INPUT DATA ->
((

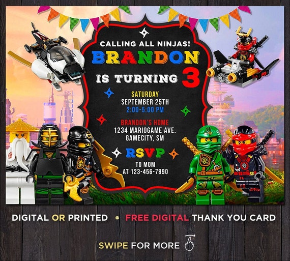Ninjago birthday invitation template free. Jpeg and pdf options 5 styles. Ninjago birthday invitation printable digital file. You can customize the card invitation templates to meet unique needs. I created this free printable lego ninjago birthday invitation set for your enjoyment.
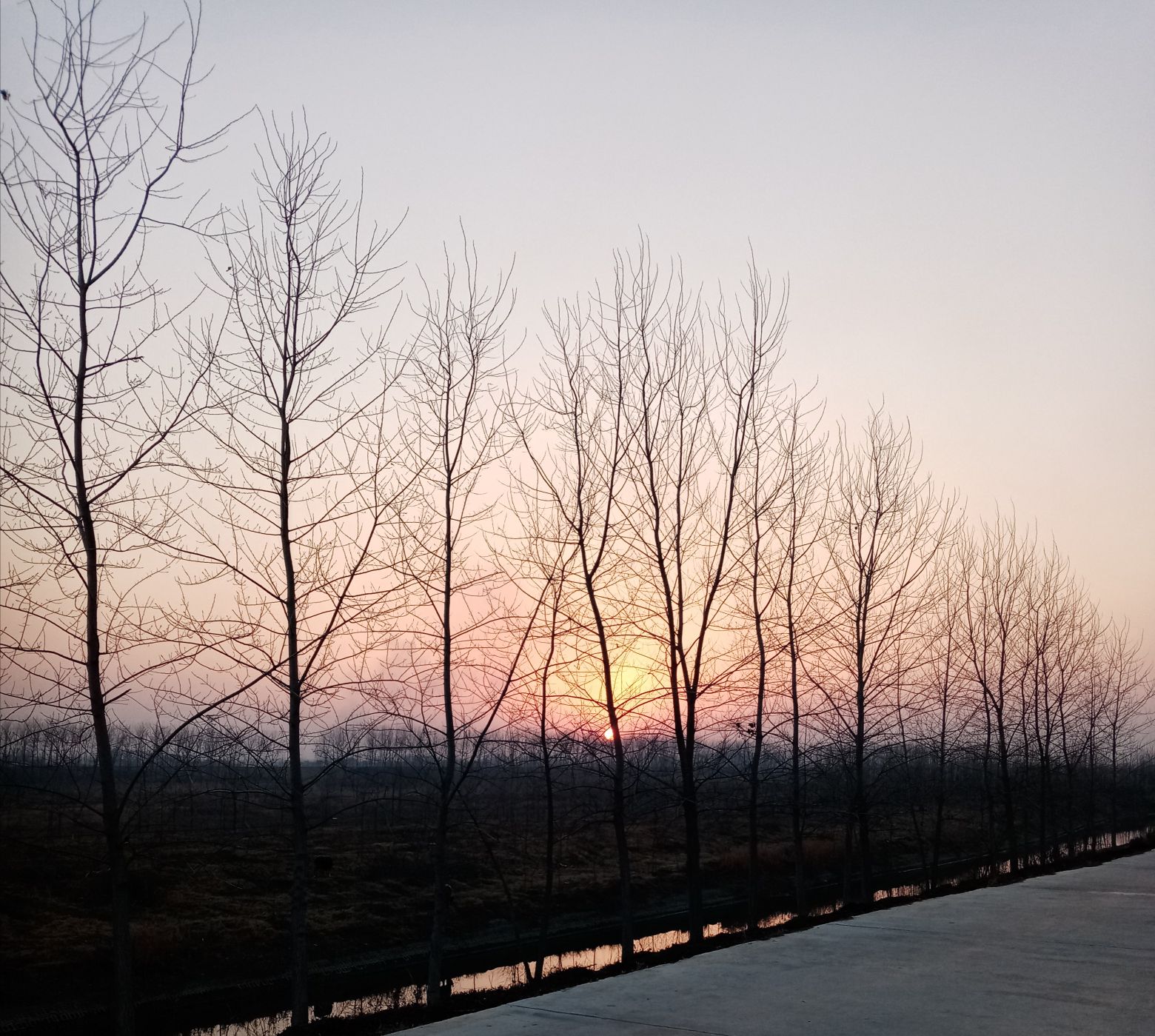 黄昏、小河和晚霞
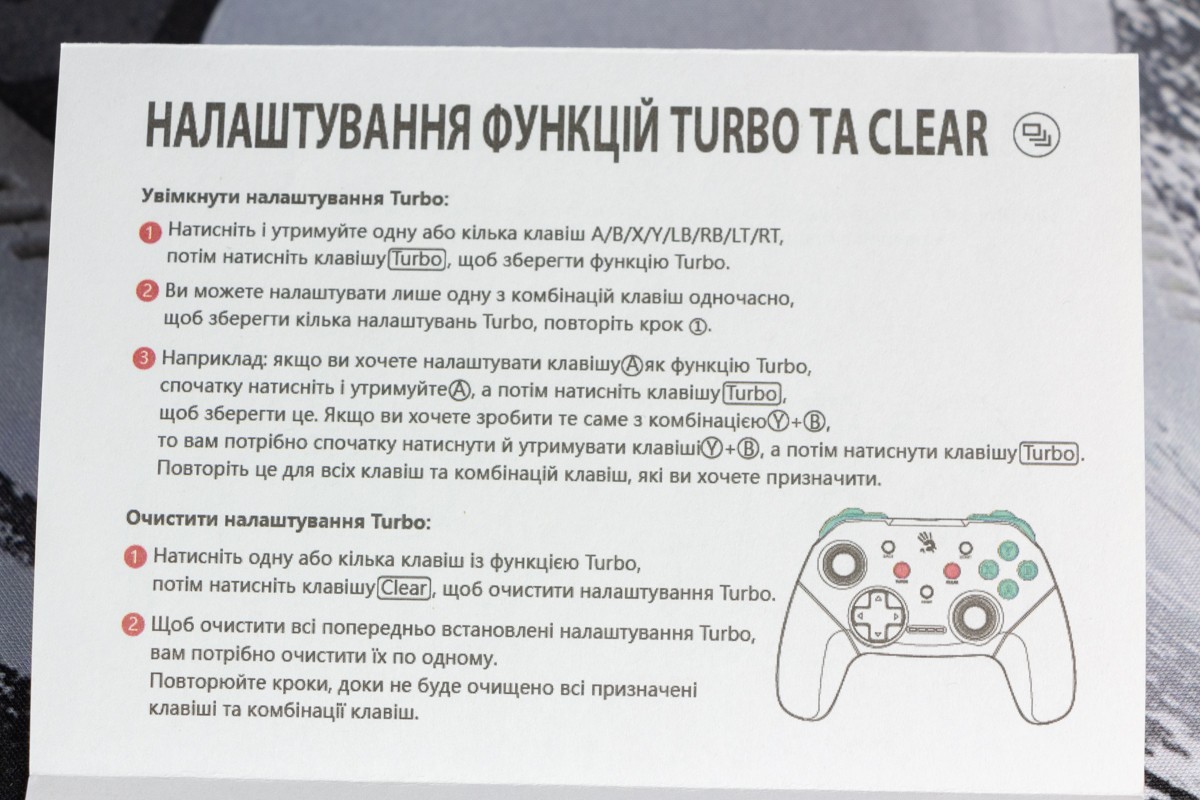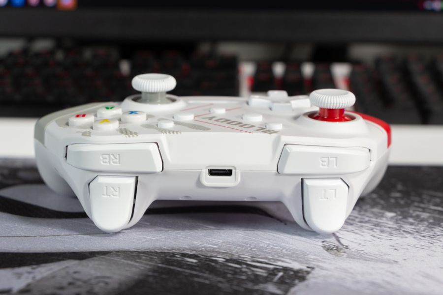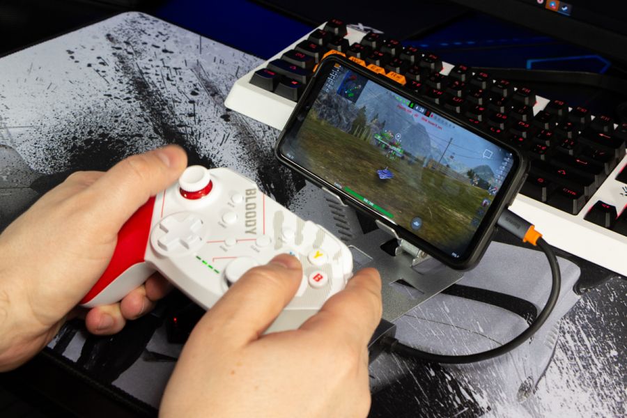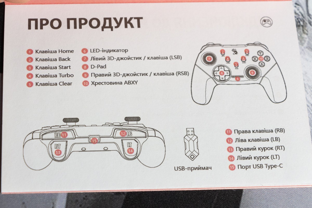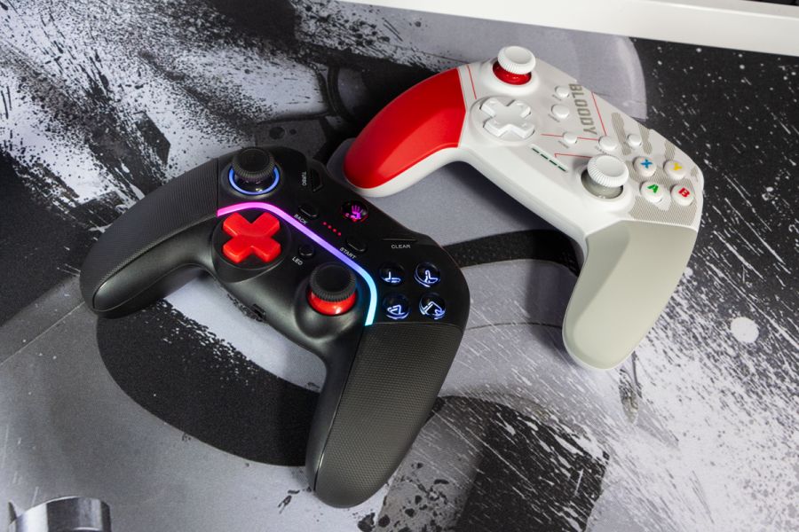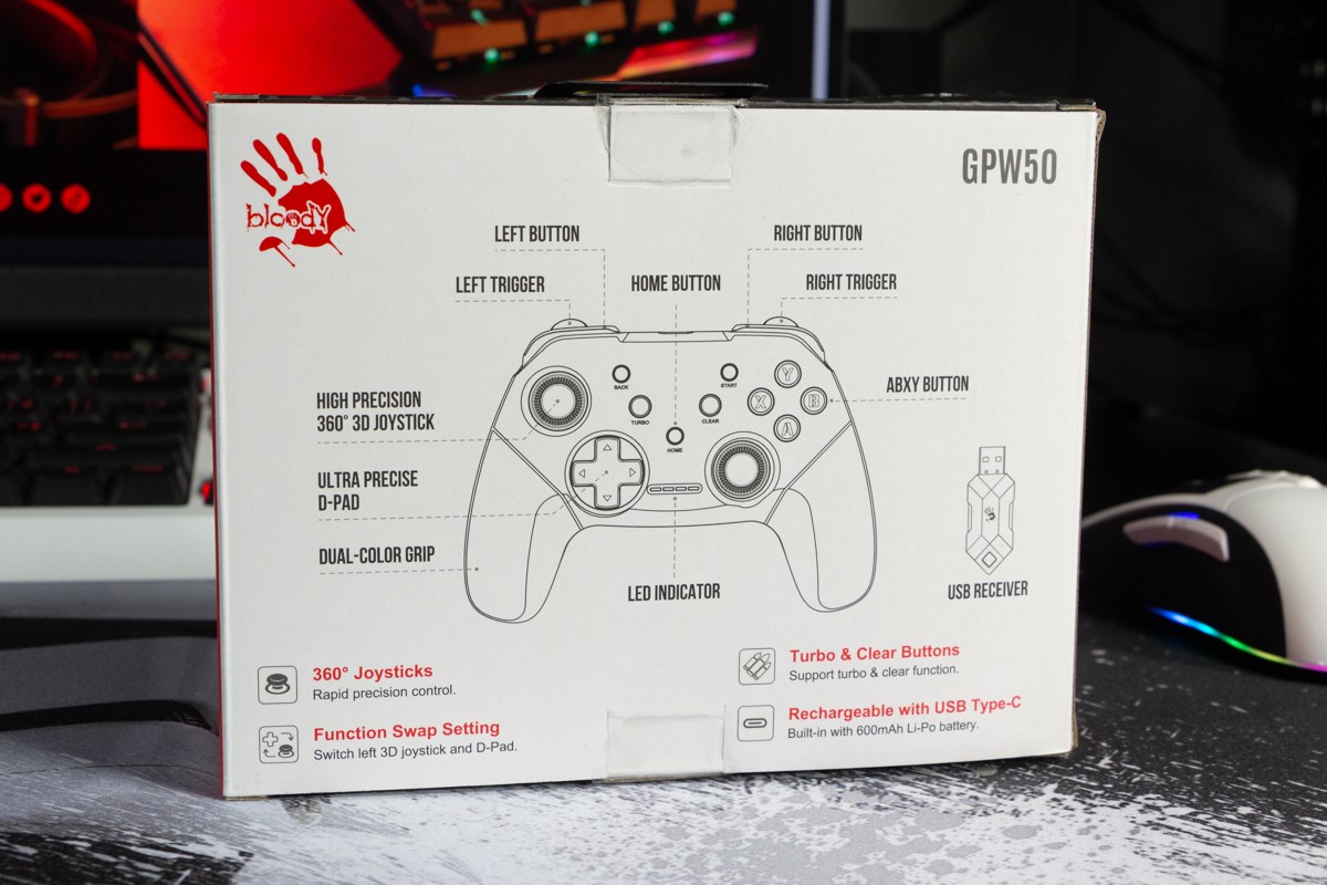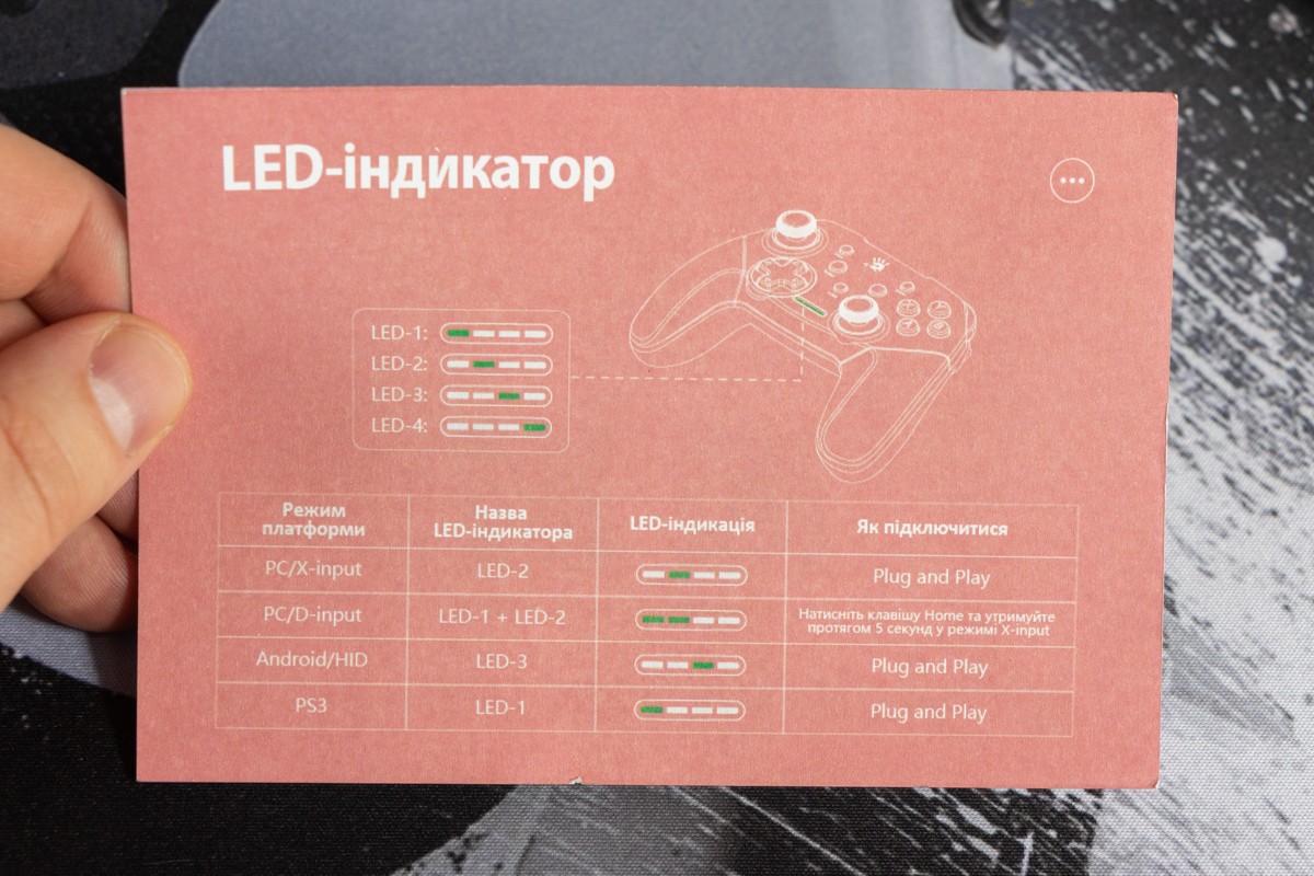 Огляд геймпада Bloody GPW50: яскравий корпус і підключення без дротівУ асортименті виробника ігрових аксесуарів Bloody є не лише клавіатури та мишки, а й спеціалізовані ігрові маніпулятори – геймпади. Найкрутішу модель GPW70, яка має більш пафосний дизайн з прогумованими вставками та RGB підсвіткою, вже оглядав. Цього разу поділюсь враженнями та покажу в дії модель GPW50 в біло-червоному кольорі корпусу Sports White. Подробиці нижче. Комплектація Геймпад потрапляє до власника у картонному боксі з віконцем, завдяки якому можна візуально оцінити пристрій без розпаковки. На зворотному боці упаковки розміщена детальна схема з описом всіх кнопок ігрового контролера Bloody GPW50. В коробці надійно запаковано геймпад, приймач бездротового сигналу, метровий USB A - USB C кабель для підзарядки і дротового підключення, інструкція. Дизайн і Корпус Почну з першого враження, яке сформував одразу як побачив геймпад і тактильно познайомився з матеріалами. У Bloody GPW50 дуже приємний по формі корпус, який виконаний із щільного матового пластику. Пристрій виглядає привабливо завдяки яскравій накладці червоного кольору, органічно вмальованому логотипу та яскравим написам на кнопках. Геймпад оснащений аналоговими стіками, розташованими асиметрично. Схема розміщення кнопок XYAB повторює Xbox. Додатковий комфорт у використанні забезпечують навігаційні клавіші Back, Home і Start. На передній частині геймпада розміщені два тригери та два курки. Між ними місце входу кабелю в корпус. Нижня частина корпусу не містить додаткових кнопок на відміну від моделі GPW70. З одного боку хотілось би більше функцій, а з іншого на геймпаді немає елементів що потребують звикання. А значить маємо стандартне управління та універсальне розміщення перемикачів та кнопок. Пара білих аналогових стіків покриті прогумованим матеріалом, що додає зчеплення з пальцями та надійніший контроль ігрового процесу. Всі інші кнопки гладкі, але над корпусом достатньо виступають і натискаються з зусиллям, що має знизити кількість випадкових натискань. Навіть якщо будете намагатись сильно зкручувати корпус скрипу не почуєте. Тож упевнений, що навіть в руках дуже агресивного геймера GPW50 зможе протриматись дуже довго. Корпус добре справляється з діагональними навантаженнями, не скрипить і створює відчуття цілісності конструкції. В моїх руках геймпад лежить комфортно, пальці дотягуються до усіх кнопок та перемикачів, з над зусиллям ні до чого не доводиться тягнутися. Долоні не втомлюються навіть при тривалому використанні, а завдяки матовому покриттю геймпад не вислизає з рук. Враження та Використання Підключав геймпад до комп’ютера на Windows та Android смартфона, вони без нюансів розпізнали пристрій. При підключенні до ПК загоряється другий індикатор, що сигналізує про активний режим X-input – найпоширеніший і актуальний стандарт. Водночас виробник передбачив можливість перемикання на старіший D-input, який стане в пригоді для ігор з 90-х та емуляторів. Для зміни режиму достатньо утримувати кнопку Home протягом трьох секунд, після чого загоряється перший світлодіод. Геймпад без проблем розпізнається у всіх іграх на ПК, і жодних додаткових налаштувань не потрібно. Спробував і автомобільний симулятор і звичайно ж файтинги. Для обох цих стилів, та й для інших, зручним виявився режим Turbo/Clear, що дозволяє швидко користуватись складними

))

TASK DESCRIPTION -> Would you retype all the material above exactly, apart from its pictures?

OUTPUT ->
Ninjago birthday invitation template free. Jpeg and pdf options 5 styles. Ninjago birthday invitation printable digital file. You can customize the card invitation templates to meet unique needs. I created this free printable lego ninjago birthday invitation set for your enjoyment.
 黄昏、小河和晚霞
 Огляд геймпада Bloody GPW50: яскравий корпус і підключення без дротівУ асортименті виробника ігрових аксесуарів Bloody є не лише клавіатури та мишки, а й спеціалізовані ігрові маніпулятори – геймпади. Найкрутішу модель GPW70, яка має більш пафосний дизайн з прогумованими вставками та RGB підсвіткою, вже оглядав. Цього разу поділюсь враженнями та покажу в дії модель GPW50 в біло-червоному кольорі корпусу Sports White. Подробиці нижче. Комплектація Геймпад потрапляє до власника у картонному боксі з віконцем, завдяки якому можна візуально оцінити пристрій без розпаковки. На зворотному боці упаковки розміщена детальна схема з описом всіх кнопок ігрового контролера Bloody GPW50. В коробці надійно запаковано геймпад, приймач бездротового сигналу, метровий USB A - USB C кабель для підзарядки і дротового підключення, інструкція. Дизайн і Корпус Почну з першого враження, яке сформував одразу як побачив геймпад і тактильно познайомився з матеріалами. У Bloody GPW50 дуже приємний по формі корпус, який виконаний із щільного матового пластику. Пристрій виглядає привабливо завдяки яскравій накладці червоного кольору, органічно вмальованому логотипу та яскравим написам на кнопках. Геймпад оснащений аналоговими стіками, розташованими асиметрично. Схема розміщення кнопок XYAB повторює Xbox. Додатковий комфорт у використанні забезпечують навігаційні клавіші Back, Home і Start. На передній частині геймпада розміщені два тригери та два курки. Між ними місце входу кабелю в корпус. Нижня частина корпусу не містить додаткових кнопок на відміну від моделі GPW70. З одного боку хотілось би більше функцій, а з іншого на геймпаді немає елементів що потребують звикання. А значить маємо стандартне управління та універсальне розміщення перемикачів та кнопок. Пара білих аналогових стіків покриті прогумованим матеріалом, що додає зчеплення з пальцями та надійніший контроль ігрового процесу. Всі інші кнопки гладкі, але над корпусом достатньо виступають і натискаються з зусиллям, що має знизити кількість випадкових натискань. Навіть якщо будете намагатись сильно зкручувати корпус скрипу не почуєте. Тож упевнений, що навіть в руках дуже агресивного геймера GPW50 зможе протриматись дуже довго. Корпус добре справляється з діагональними навантаженнями, не скрипить і створює відчуття цілісності конструкції. В моїх руках геймпад лежить комфортно, пальці дотягуються до усіх кнопок та перемикачів, з над зусиллям ні до чого не доводиться тягнутися. Долоні не втомлюються навіть при тривалому використанні, а завдяки матовому покриттю геймпад не вислизає з рук. Враження та Використання Підключав геймпад до комп’ютера на Windows та Android смартфона, вони без нюансів розпізнали пристрій. При підключенні до ПК загоряється другий індикатор, що сигналізує про активний режим X-input – найпоширеніший і актуальний стандарт. Водночас виробник передбачив можливість перемикання на старіший D-input, який стане в пригоді для ігор з 90-х та емуляторів. Для зміни режиму достатньо утримувати кнопку Home протягом трьох секунд, після чого загоряється перший світлодіод. Геймпад без проблем розпізнається у всіх іграх на ПК, і жодних додаткових налаштувань не потрібно. Спробував і автомобільний симулятор і звичайно ж файтинги. Для обох цих стилів, та й для інших, зручним виявився режим Turbo/Clear, що дозволяє швидко користуватись складними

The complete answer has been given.